April 29, 2026 9 min read
Reflect vs Capacities 2026: Honest Verdict

You’ve been researching note-taking apps for three weeks. That’s the problem.

This Reflect vs Capacities 2026 comparison exists because somewhere around day five, the research became the hobby. You have seventeen browser tabs open, a spreadsheet comparing features you’ve never used, and strong opinions about bidirectional links — all without writing a single meaningful note. Both Reflect and Capacities are genuinely good tools in this AI note-taking app comparison. But they’re built on fundamentally different philosophies, and choosing between them isn’t complicated once you understand which one matches how you actually think.
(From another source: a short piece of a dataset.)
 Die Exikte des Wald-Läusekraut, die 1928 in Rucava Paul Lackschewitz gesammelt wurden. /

Quick answer: Reflect is for writers and researchers who want AI-native networked thinking and don’t mind $10/month for a polished, distraction-free experience. Capacities is for people who think in categories — books, people, projects — and want a free tier that’s actually usable, not crippled. Pick based on philosophy, not feature count. Then stop picking and start using it.
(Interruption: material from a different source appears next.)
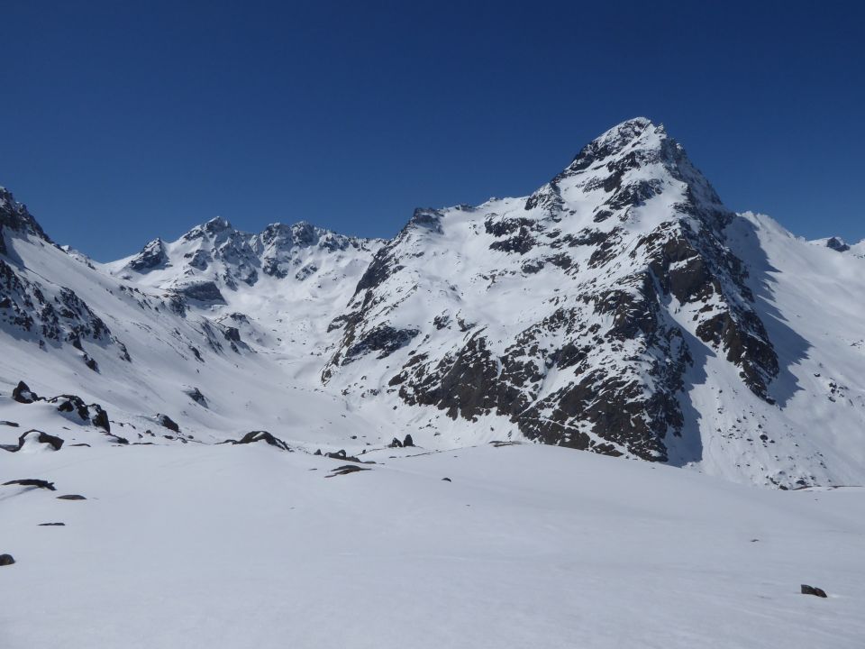 Unter der Staumauer den Dammschatten ausnützend hinauf bis zur Dammkrone, dann in licht bestocktem Wald nach Pra Miez; in WSW-Richtung in den Sattel zwischen Lajets und Muttans (P.2437); Abfahrt nach SW ins wüst und leer scheinende Val Bercla bis ca. 2220 m, Aufstieg über die Steilstufe nach Platta (guter Pausenpunkt mit Lawinensicherheit - Block!) und das Täli hinauf auf den kümmerlichen Rest des Vadret da Piz Platta; in einem Rechtsbogen nach Norden auf die Schulter westlich des Gipfelaufbaus und die steilen Hänge queren bis zum Skidepot unterhalb der Südrinne auf ca 3150m. Aufstieg mit Pickel und Steigeisen zum Gipfel. Abfahrt mit Skiern über das SO Colouir nur bei besten Verhältnissen möglich. Weiter unten Abfahrt wie Aufstieg. Aus dem Val Bercla wieder 200 m Gegenanstieg. Abfahrt bis nach Sur.

Reflect vs Capacities at a Glance

FeatureReflectCapacities
Price$10/mo or $100/yrFree tier; Pro $9.99/mo (annual) or $11.99/mo
Free planNo (14-day trial only)Yes — unlimited notes, 5GB storage
AI modelGPT-4o or Claude 3.5 Sonnet (you pick)Built-in AI (model varies)
Core modelFlat, daily notes + backlinksObject-based (Books, People, Projects, Articles)
PlatformsMac, iOS, WebMac, Windows, Linux, iOS, Android
Calendar integrationGoogle Calendar + Outlook (auto meeting notes)No native calendar sync
EncryptionEnd-to-end encryptedNot end-to-end encrypted
FormattingMinimal — no colors, highlights, or blocksRich formatting, templates per object type
iPad supportYesNo native iPad app
Android supportNoYes

Pricing verified from official product pages, April 2026.
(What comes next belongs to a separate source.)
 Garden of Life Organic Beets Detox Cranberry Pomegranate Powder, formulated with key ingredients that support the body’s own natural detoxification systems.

Reflect: Built for Thinking, Not Filing

Reflect’s thesis is simple: your notes should behave like your brain, not like a filing cabinet. Everything runs through a daily note. You write, you link, you move on. The backlink graph builds itself over time without you having to decide where anything “belongs.”

That sounds liberating. And for a certain type of thinker — writers, researchers, anyone whose work is primarily synthesis — it genuinely is.

The AI integration is the strongest in the PKM space right now. You can choose between GPT-4o and Claude 3.5 Sonnet depending on what you’re doing, which is a detail that matters more than it sounds. Need precise summarization? Use Claude. Need broader brainstorming? Swap to GPT-4o. The calendar integration is genuinely useful: connect Google Calendar or Outlook, and Reflect auto-generates a structured meeting note before the call even starts. If you spend half your day in meetings, that alone is worth $10/month.

The downsides are real, though. There’s no free plan — the 14-day trial is it. If you’re not sure yet, $10 is a bet, not a free experiment. The minimal formatting philosophy is a design choice, but if you’ve come from Notion and rely on color-coded headers, callout blocks, and nested databases, Reflect will feel like you’ve downgraded. And there’s no Android support, which for a productivity tool in 2026 is a meaningful gap.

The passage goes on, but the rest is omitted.